Investors are dumping gold funds at the fastest pace in two years in favour of equities, compounding a slump that has wiped $560 billion from the value of central bank reserves.

Source from (Khaleej Times): http://www.khaleejtimes.com/biz/inside.asp?xfile=/data/market/2013/April/market_April57.xml&section=market
Published: April 19, 2013


Gold bars are seen at the Czech National Bank in Prague. Gold 
funds have suffered net outflows of $11.2 billion so far this year. 
— Reuters

Exchange-traded products linked to gold dropped $37.2 billion in 2013 as the metal reached a two-year low on Tuesday. Gold funds suffered net outflows of $11.2 billion this year through April 10, the most since 2011, while global and US equity funds had net inflows of $21.25 billion, according to Cambridge, Massachusetts-based EPFR Global.

Central banks are among the biggest losers because they own 31,694.8 metric tonnes, or 19 per cent of all the gold mined, according to the World Gold Council in London. After rallying for 12 straight years, the metal has tumbled 28 per cent from its September 2011 record of $1,923.70 an ounce.

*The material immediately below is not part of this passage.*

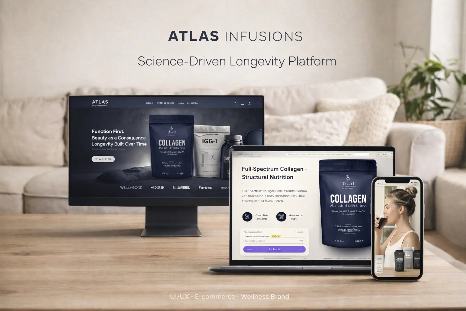 Atlas Infusions is positioned as a coordinated biological system — not standalone supplements — designed to support foundation, structure, and metabolic efficiency through synergistic use. We developed the content and presentation to reflect this vision, shifting the focus from promotional product marketing to an integrated system narrative.

Growing economies and corporate profits, along with slowing inflation, boosted global equities by $2.28 trillion this year at the expense of the traditional store of value, according to data compiled by Bloomberg.

“There’s a perception that risk has been lessened, and with that, investors are looking for assets that either generate income or have growth potential, neither of which gold has,” Anthony Valeri, a market strategist with LPL Financial Corp in San Diego, which oversees $350 billion. “We’ve seen a grab for yield, and without a yield, gold has been left out.”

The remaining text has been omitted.